Page MenuHomeSoftware Heritage

Use the in-mem storage instead of mocks to test the git loader.
ClosedPublic

Authored by vlorentz on Nov 20 2018, 3:59 PM.

Diff Detail

Repository
rDLDG Git loader
Lint
Automatic diff as part of commit; lint not applicable.
Unit
Automatic diff as part of commit; unit tests not applicable.

Event Timeline

vlorentz retitled this revision from Use the in-mem storage instead of mocks. to Use the in-mem storage instead of mocks to test the git loader..
vlorentz added inline comments.
swh/loader/git/tests/test_loader.py
175

Note: that's an unrelated change.

ardumont added a subscriber: ardumont.
ardumont added inline comments.
swh/loader/git/tests/test_loader.py
116

I do not like doing this...

The GitLoader and the BulkUpdater allows to pass the config dict instead (do not like it either [1] but it's better than mutating the loader instance).

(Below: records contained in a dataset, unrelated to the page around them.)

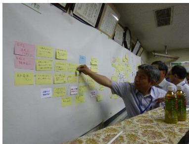
取組みアイデアへの投票
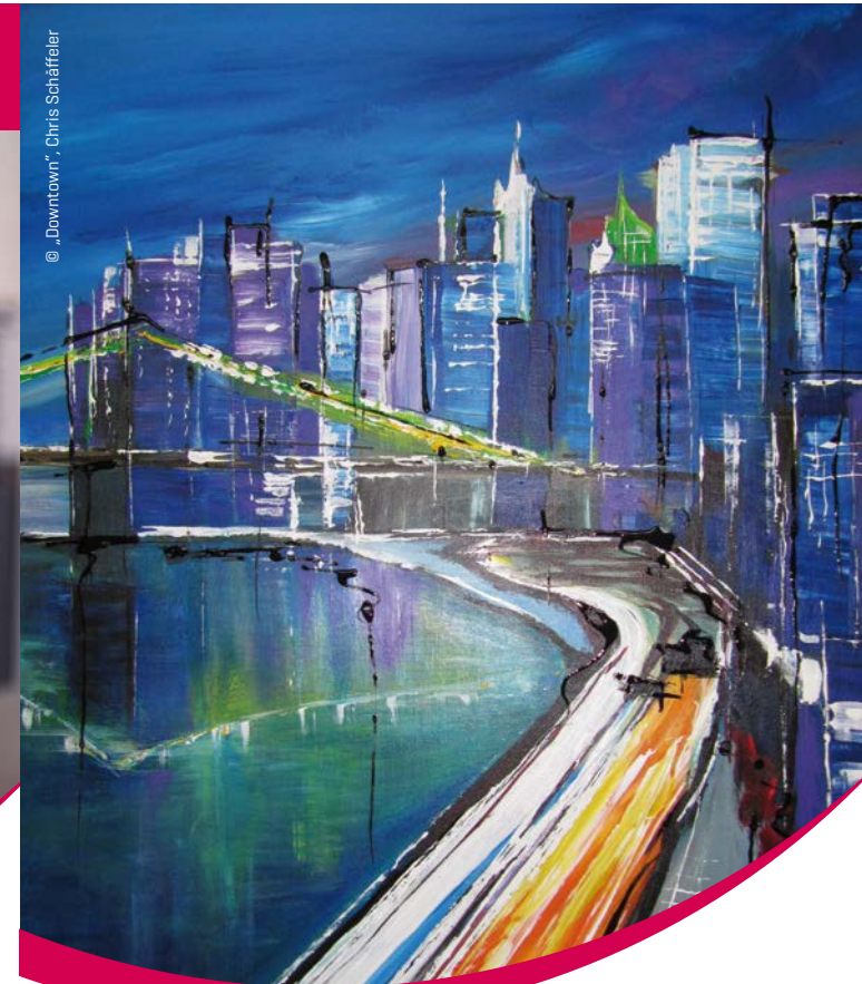
@ „Downtown“, Chris Schäffeler

Bernhard-Simonstrasse 6 · 7310 Bad Ragaz T +41 81 302 68 69 · F +41 81 302 64 34 info@schenkel-optik.ch · www.schenkel-optik.ch
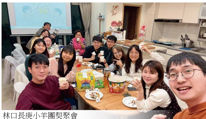
林口長庚小羊團契聚會
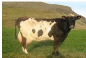
Móðir : Skrauta 0192

That would also avoid the side effect of loading the configuration file from disk...

[1] because it's been opened solely for the tests...

175

CONTENT1 is probably badly named then since i see that it's not one content but many ;)

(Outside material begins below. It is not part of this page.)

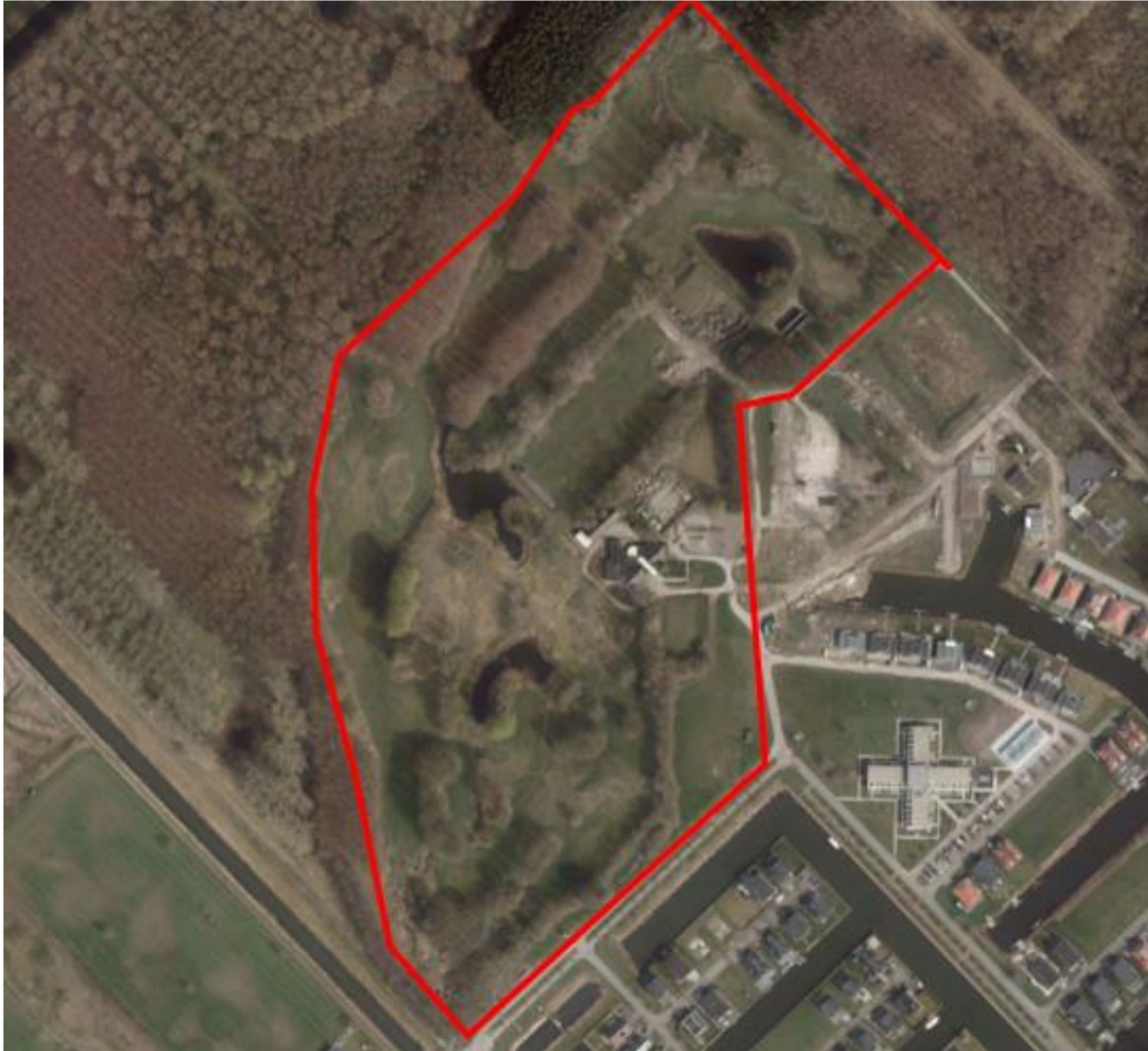
Afbeelding 2a: de situatie in het plangebied voor de start van de ontwikkelingen in het noordwestelijk deel.

This revision now requires changes to proceed.Nov 20 2018, 5:25 PM

Restarted the build.
BUILD has failed

Now that looks like real tests failure.

vlorentz added inline comments.
swh/loader/git/tests/test_loader.py
116

Agreed. As we talked earlier today, this will need a change to swh.storage.get_storage (D689).

175

It's the contents, at "version 1" of the DB (version 0 = before the loader runs, version 1 = after it runs for the first time, version 2 = after it runs for the second time).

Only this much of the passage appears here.